Шитиков довел меня до комнаты Пиндоровского. Мы молча попрощались. В решительные минуты дар речи обычно не пригождается. Я с горькой иронией подумал, что в следующий раз его вызывают уже на поминки.

 

Актерского таланта во мне ни на грош. Я понимал, что перед встречей с Пиндоровским необходимо выбрать роль. Ту, которую мне только что предложили, или какую-нибудь другую. Неважно. Идти с открытым забралом в моей ситуации… Но я знал также, что способности у меня в таком деле самые пошлые, и всё, что я когда-либо пытался изобразить, выходило грубо, позорный подтекст выдавал себя краской на лице, уже в следующую секунду я становился сам себе противен или смешон, а тут уж какая игра? Особенно это мешало с женщинами.
Короче, моя решимость за время разговора с ГМ и Шитиковым ничуть не перегорела, но ни плана, ни роли, ни хотя бы первой удачной фразы. Я шел на провал с высоко поднятой головой.
Иван Трофимович полулежал на диване в коротком халате. Он был занят. Я слегка попятился. А что бы вы на моем месте сделали, попав на интимную минуту в чужую комнату? Глаза Пиндоровского были заведены вверх, толстые ноги терлись одна о другую, а губы выговаривали то ласково, то с долей раздраженного нетерпения:
— Сучка, ну миленькая. Хватит кобениться! Иди ко мне, мразь лупоглазая.
Глаза мои невольно стали искать предмет вожделения и ненависти этого одышливого толстяка, который, не ровен час, в моем присутствии от приступа страсти мог получить разрыв сердца. Включив Прямое виденье, я успел пережить счастливый миг его внезапной кончины, который бы освободил меня от ложных обязательств и предварительной рисовки.
Но вышло все не так.
Предмет страсти, по моему предположению, скрывался за детской низенькой ширмой. Это меня еще больше озадачило. На всякий случай я кашлянул.
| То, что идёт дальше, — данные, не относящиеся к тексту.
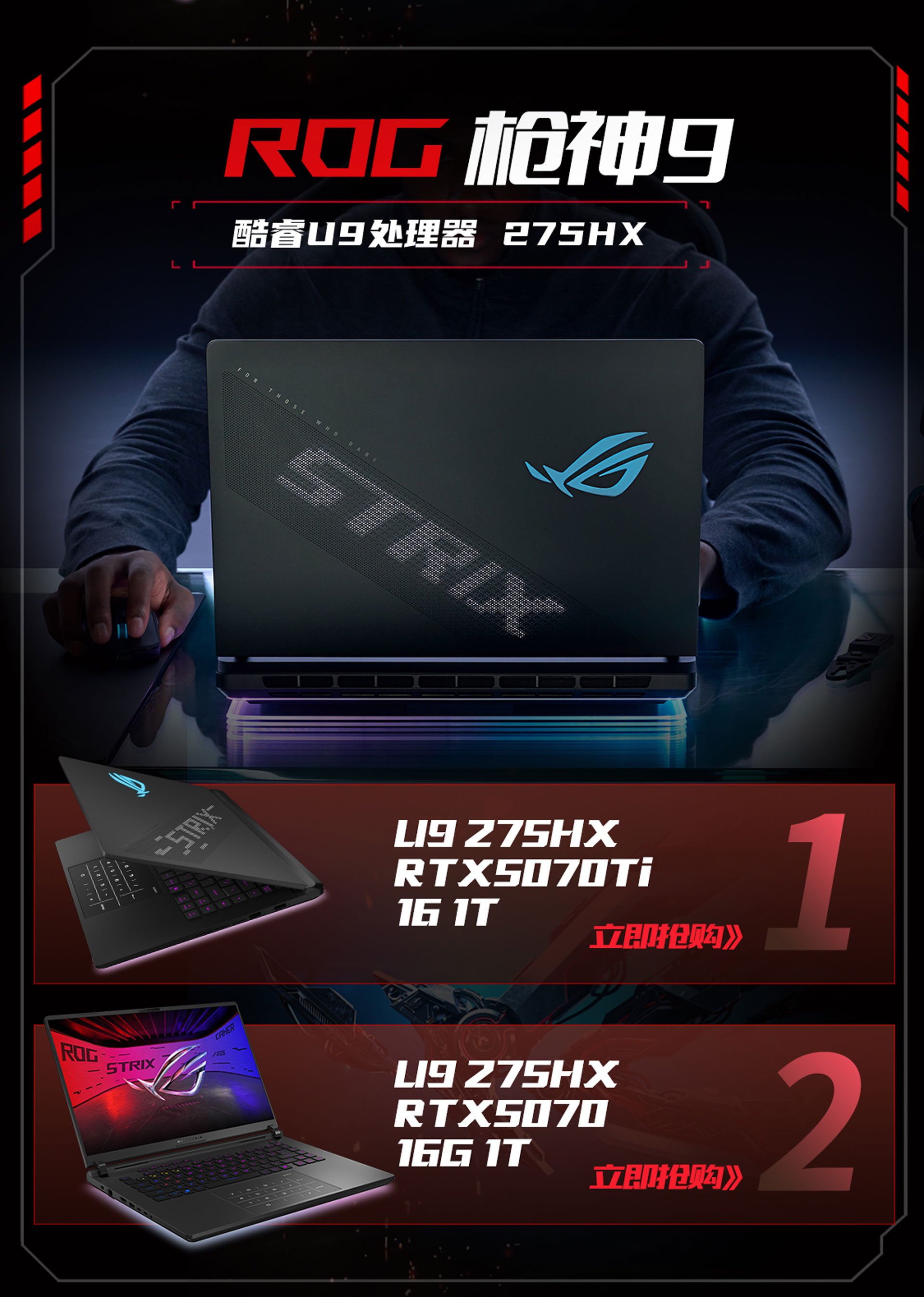 ROG枪神9 超竞版 酷睿U9 16英寸 游戏笔记本电脑(U9 275HX RTX5080 32G 1T 2.5K 240Hz MiniLED)

— А-а-а!.. — застонал от счастья сластолюбец, повернув ко мне измученное лицо. — Ну, вот и всё!
— В каком смысле? — крикнул я со спринтерской скоростью и, кажется, воинственно, хотя сердце мое провалилось в самом жутком предчувствии.
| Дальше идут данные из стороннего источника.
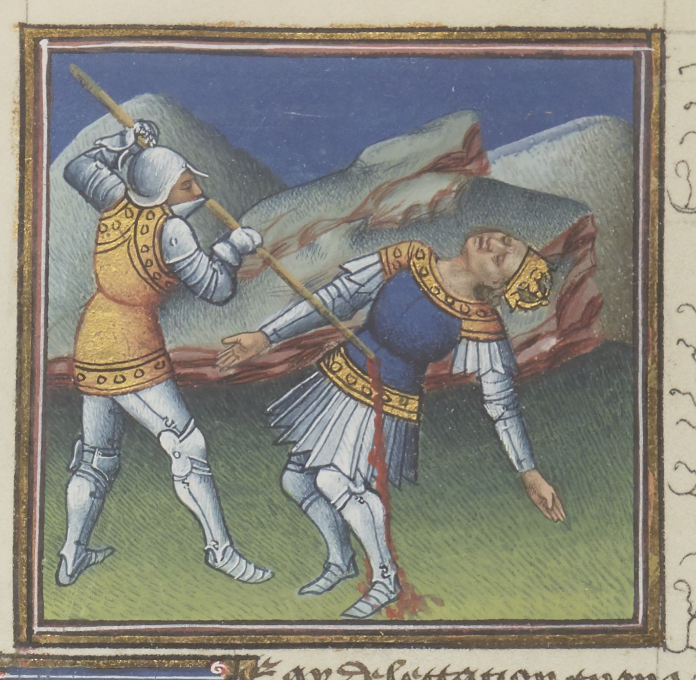 Parigi, Bibliothèque Nationale de France, Fr. 229, f. 326r. Il copista del manoscritto è Boniface de Remenant. Giuliano l'Apostata viene trafitto da Mercurio.

— Вот она, — сказал Пиндоровский уже спокойней, помахивая передо мной ватной палочкой, на которой я мог разглядеть вялую плоть микроскопического существа. — Битый час за ней наблюдал. А она возьми и влети с размаха. Прямо в ухо. Ведь это хамство! Ненавижу насекомых! А вы?
Я хотел ответить, что с этим вопросом пока не определился, но вовремя сообразил, что это было бы похоже на капитуляцию. Поэтому сказал неопределенно:
— Если в ухо — чего же приятного?
— Да вы присаживайтесь, Константин Иванович.
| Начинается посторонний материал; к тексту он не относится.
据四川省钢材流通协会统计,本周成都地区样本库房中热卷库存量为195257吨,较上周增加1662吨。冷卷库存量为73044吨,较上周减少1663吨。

Сесть было совершенно некуда, разве на пол. Диван до отказа занимал хозяин. На одном стуле в неловкой позе, словно застигнутые параличом мысли, лежали штаны, на другом, видимо, для просушки были аккуратно разложены травы, стол бугрился грудами изорванной и скомканной бумаги, что было косвенным подтверждением пережитого стресса. Никаких других горизонтальных плоскостей в комнате не было, если не считать крыши малышового шкафа, который доходил мне до подбородка. Наконец хозяин догадался сдернуть со стула брюки и отправить их в угол.
Я смело опустился на стул.

 

Пиндоровский остался лежать на диване. Видно было, что всякая смена позы представляет для него грандиозное происшествие личного характера, как для другого, быть может, перемена семейного положения.
— Я, представьте, долго сопротивлялся, а сейчас готов повторить за стариком Экклезиастом: противны стали мне дела, которые делаются под солнцем. Ибо все — суета и томление духа.
Создавалось убедительное впечатление, что с этим символическим автором Иван Трофимович пропустил не одну рюмку за дружеским разговором. Расстроен он был не на шутку, но и демонстрация «разбитого корыта» доставляла ему, кажется, немалое удовольствие: жовиальность трепетала и подрагивала, чего не могла скрыть даже плотная ткань надетого по случаю утраты патрона пессимизма.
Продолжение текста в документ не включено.